INT: Did that affect your interview with her? The impression you had of her from the beginning before getting to know her?

CN: Maybe a little bit, hmm, like being a bit resistant at the beginning, like “Oh! What is this all about?” I wasn’t looking forward to it… I don’t know [pause] maybe I was resistant. I’m not going to say that I adopted an attitude of rejection towards her … I took her in and when she was seated… I didn’t have the forms. So I had to leave the room and then forgot about the whole issue and I got into… It’s such a compelling story that it was a shift from what I was witnessing.

This clinician reflected at length on the reported incident in the waiting room and how this initial point of entry stayed with her throughout the first part of the diagnostic interview.

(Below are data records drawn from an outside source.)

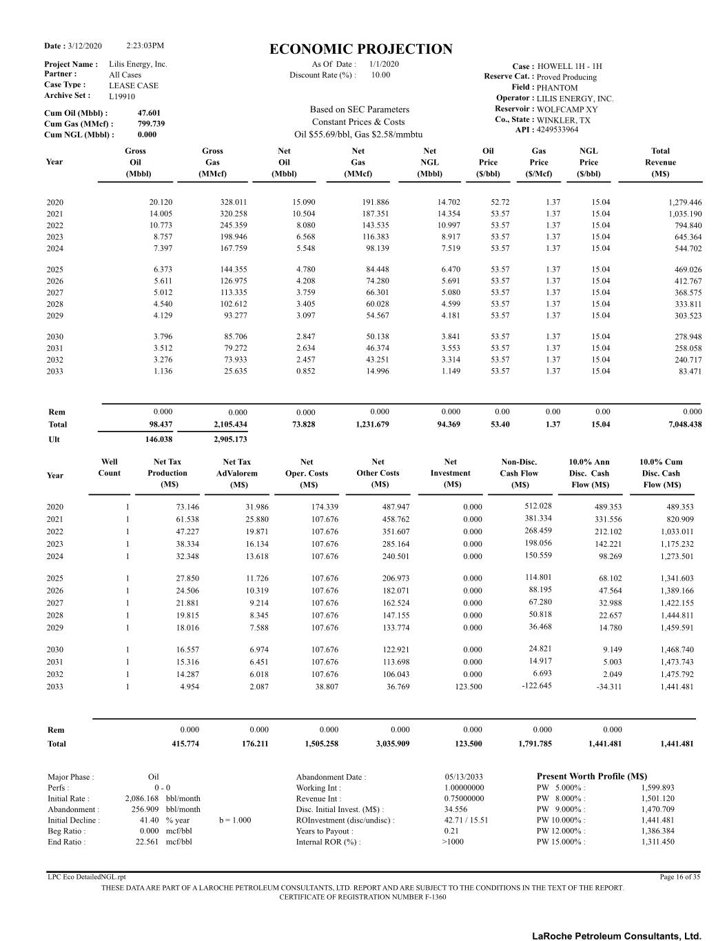 Date : 3/12/2020 2:23:03PM ECONOMIC PROJECTION Project Name : Lilis Energy, Inc. As Of Date : 1/1/2020 Case : HOWELL 1H - 1H Partner : All Cases Discount Rate (%) : 10.00 Reserve Cat. : Proved Producing Case Type : LEASE CASE Field : PHANTOM Archive Set : L19910 Operator : LILIS ENERGY, INC. Reservoir : Cum Oil (Mbbl) : 47.601 Based on SEC Parameters WOLFCAMP XY Co., State : Cum Gas (MMcf) : 799.739 Constant Prices & Costs WINKLER, TX API : 4249533964 Cum NGL (Mbbl) : 0.000 Oil $55.69/bbl, Gas $2.58/mmbtu Gross Gross Net Net Net Oil Gas NGL Total Year Oil Gas Oil Gas NGL Price Price Price Revenue (Mbbl) (MMcf) (Mbbl) (MMcf) (Mbbl) ($/bbl) ($/Mcf) ($/bbl) (M$) 2020 20.120 328.011 15.090 191.886 14.702 52.72 1.37 15.04 1,279.446 2021 14.005 320.258 10.504 187.351 14.354 53.57 1.37 15.04 1,035.190 2022 10.773 245.359 8.080 143.535 10.997 53.57 1.37 15.04 794.840 2023 8.757 198.946 6.568 116.383 8.917 53.57 1.37 15.04 645.364 2024 7.397 167.759 5.548 98.139 7.519 53.57 1.37 15.04 544.702 2025 6.373 144.355 4.780 84.448 6.470 53.57 1.37 15.04 469.026 2026 5.611 126.975 4.208 74.280 5.691 53.57 1.37 15.04 412.767 2027 5.012 113.335 3.759 66.301 5.080 53.57 1.37 15.04 368.575 2028 4.540 102.612 3.405 60.028 4.599 53.57 1.37 15.04 333.811 2029 4.129 93.277 3.097 54.567 4.181 53.57 1.37 15.04 303.523 2030 3.796 85.706 2.847 50.138 3.841 53.57 1.37 15.04 278.948 2031 3.512 79.272 2.634 46.374 3.553 53.57 1.37 15.04 258.058 2032 3.276 73.933 2.457 43.251 3.314 53.57 1.37 15.04 240.717 2033 1.136 25.635 0.852 14.996 1.149 53.57 1.37 15.04 83.471 Rem 0.000 0.000 0.000 0.000 0.000 0.00 0.00 0.00 0.000 Total 98.437 2,105.434 73.828 1,231.679 94.369 53.40 1.37 15.04 7,048.438 Ult 146.038 2,905.173 Well Net Tax Net Tax Net Net Net Non-Disc. 10.0% Ann 10.0% Cum Year Count Production AdValorem Oper. Costs Other Costs Investment Cash Flow Disc. Cash Disc. Cash (M$) (M$) (M$) (M$) (M$) (M$) Flow (M$) Flow (M$) 2020 1 73.146 31.986 174.339 487.947 0.000 512.028 489.353 489.353 2021 1 61.538 25.880 107.676 458.762 0.000 381.334 331.556 820.909 2022 1 47.227 19.871 107.676 351.607 0.000 268.459 212.102 1,033.011 2023 1 38.334 16.134 107.676 285.164 0.000 198.056 142.221 1,175.232 2024 1 32.348 13.618 107.676 240.501 0.000 150.559 98.269 1,273.501 2025 1 27.850 11.726 107.676 206.973 0.000 114.801 68.102 1,341.603 2026 1 24.506 10.319 107.676 182.071 0.000 88.195 47.564 1,389.166 2027 1 21.881 9.214 107.676 162.524 0.000 67.280 32.988 1,422.155 2028 1 19.815 8.345 107.676 147.155 0.000 50.818 22.657 1,444.811 2029 1 18.016 7.588 107.676 133.774 0.000 36.468 14.780 1,459.591 2030 1 16.557 6.974 107.676 122.921 0.000 24.821 9.149 1,468.740 2031 1 15.316 6.451 107.676 113.698 0.000 14.917 5.003 1,473.743 2032 1 14.287 6.018 107.676 106.043 0.000 6.693 2.049 1,475.792 2033 1 4.954 2.087 38.807 36.769 123.500 -122.645 -34.311 1,441.481 Rem 0.000 0.000 0.000 0.000 0.000 0.000 0.000 Total 415.774 176.211 1,505.258 3,035.909 123.500 1,791.785 1,441.481 1,441.481 Major Phase : Oil Abandonment Date : 05/13/2033 Present Worth Profile (M$) Perfs : 0 - 0 Working Int : 1.00000000 PW 5.000% : 1,599.893 Initial Rate : 2,086.168 bbl/month Revenue Int : 0.75000000 PW 8.000% : 1,501.120 Abandonment : 256.909 bbl/month Disc. Initial Invest. (M$) : 34.556 PW 9.000% : 1,470.709 Initial Decline : 41.40 % year b = 1.000 ROInvestment (disc/undisc) : 42.71 / 15.51 PW 10.000% : 1,441.481 Beg Ratio : 0.000 mcf/bbl Years to Payout : 0.21 PW 12.000% : 1,386.384 End Ratio : 22.561 mcf/bbl Internal ROR (%) : >1000 PW 15.000% : 1,311.450 LPC Eco DetailedNGL.rpt Page 16 of 35 THESE DATA ARE PART OF A LAROCHE PETROLEUM CONSULTANTS, LTD. REPORT AND ARE SUBJECT TO THE CONDITIONS IN THE TEXT OF THE REPORT. CERTIFICATE OF REGISTRATION NUMBER F-1360 LaRoche Petroleum Consultants, Ltd.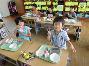 放送後、1年生の教室に行ってみました。もうほとんど食べ終わる頃でした。おいしかったですね。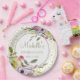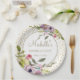 Purple and yellow watercolor floral with gold glitter birthday party paper plates personalised with your name and party date.

When invited by the research interviewer, she elaborated on how such assumptions can affect an interview: making her “resistant” to engaging in an “empathic” way. We are struck by how the clinician is explicit about her preconceptions and how they shifted; she noted that this form of reflection during the post-diagnostic interview illuminates the process of shifting assumptions that might otherwise pass by unnoticed. She then talked of becoming engaged by the patient’s story and entering into it in such a way that there was a shift from the fixity of her initial judgments. Rather than representing the patient as “resistant,” she articulated her own experience and witnessed this patient in a very different way than what had been said ‘about’ her by others. In elaborating on it, she noticed how this prior interaction with the staff could have constrained her capacity to engage in what mattered most to the patient.

Her very explicitness throws into question views frequently expressed in the literature (van Langenhove & Harré, 1999) that assumptions and stereotypes are implicit cognitive processes that are very difficult to change. By shifting our locus of inquiry to actual clinical encounters in real time and by creating the conditions for dialogue and reflection in post diagnostic interviews, we find clear evidence that participants can become interlocutors on a process that makes the shift visible and possible.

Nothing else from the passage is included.